What does it do?
This resolution declares the earlier tax abatement given to Niowave to be null and void since the City Council entered the agreement under false pretenses.
City Council agreed to give Niowave their tax abatement under the conditions that (1) Niowave would complete all the negotiated changes to their property to make the building try to fit into the historic character of the neighborhood (2) and the tax abatement would be rescinded if they did not complete the work.
Why is this resolution needed?
Neighbors report that the agreed-upon work has not been completed and asked for the tax abatements to be rescinded.
However, the economic development entity that brokered the negotiation between Niowave and the neighbors failed to inform the city that earlier changes to state law do not allow tax abatements to be rescinded for developments in low income areas.
Therefore, council members Wood and Yorko argue that the initial resolution is null and void since the agreement was based on misinformation.
Without this resolution there does not seem to be a way to rescind the tax abatements given to Niowave even though they did not complete all the items on the negotiated scope of work.

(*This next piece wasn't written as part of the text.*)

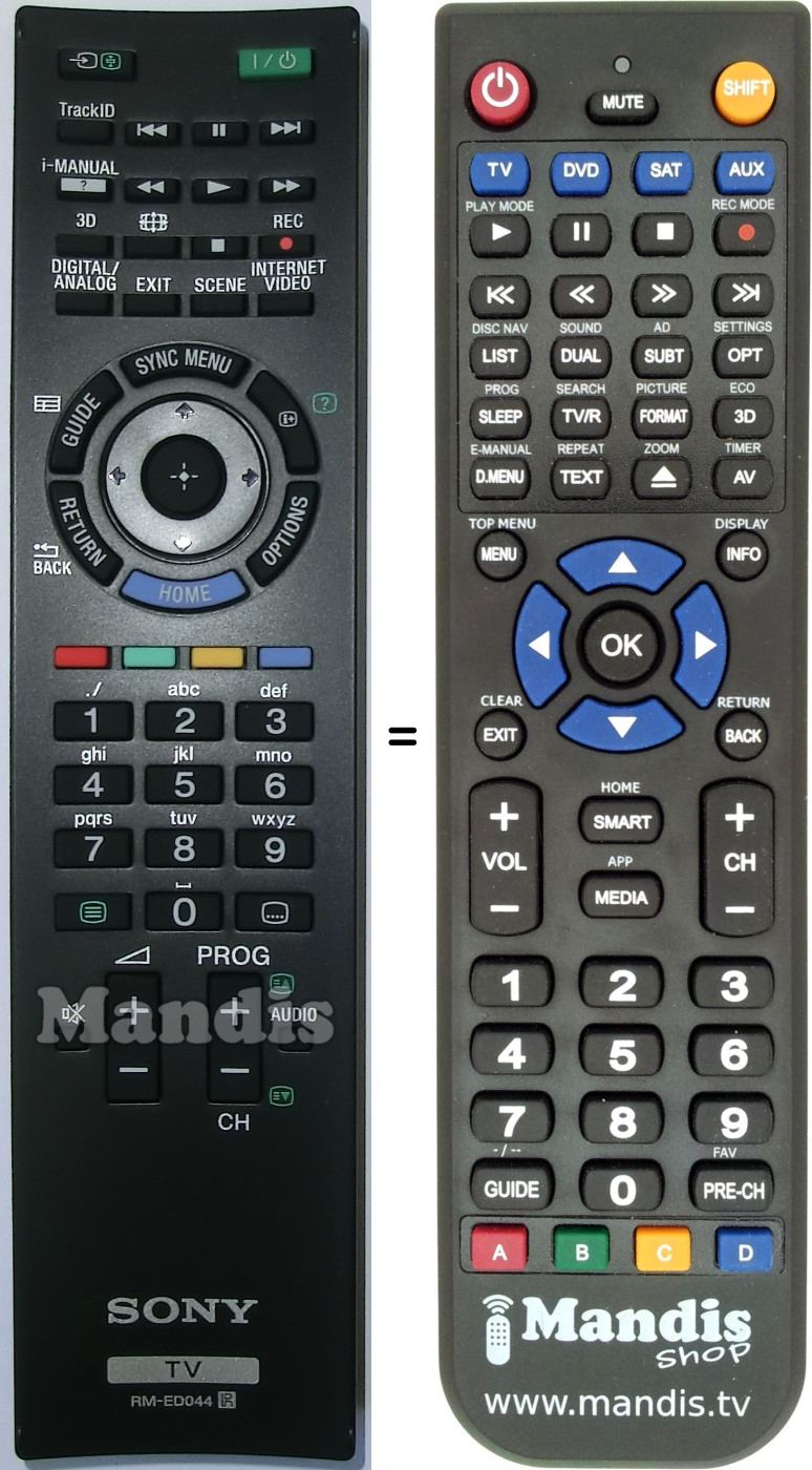 Cette télécommande remplace entièrement votre RM-ED044 (148947511) et offre toutes les fonctions de l'originale.

Niowave claims they have already spent more than was agreed to spend in getting the work done and claims most of the works has been done anyway.
What else has been done to prevent these problems in the future?
Council members have already changed procedures for granting special land use permits to prevent another manufacturing facility to accidentally get permission to be built in a residential area.
State representative Andy Schor has also proposed a bill to correct the flaw in state law that does not allow municipalities to rescind tax abatements for companies who are out of compliance with the conditions for having received the tax abatement, but even if this passes it will not be retroactive.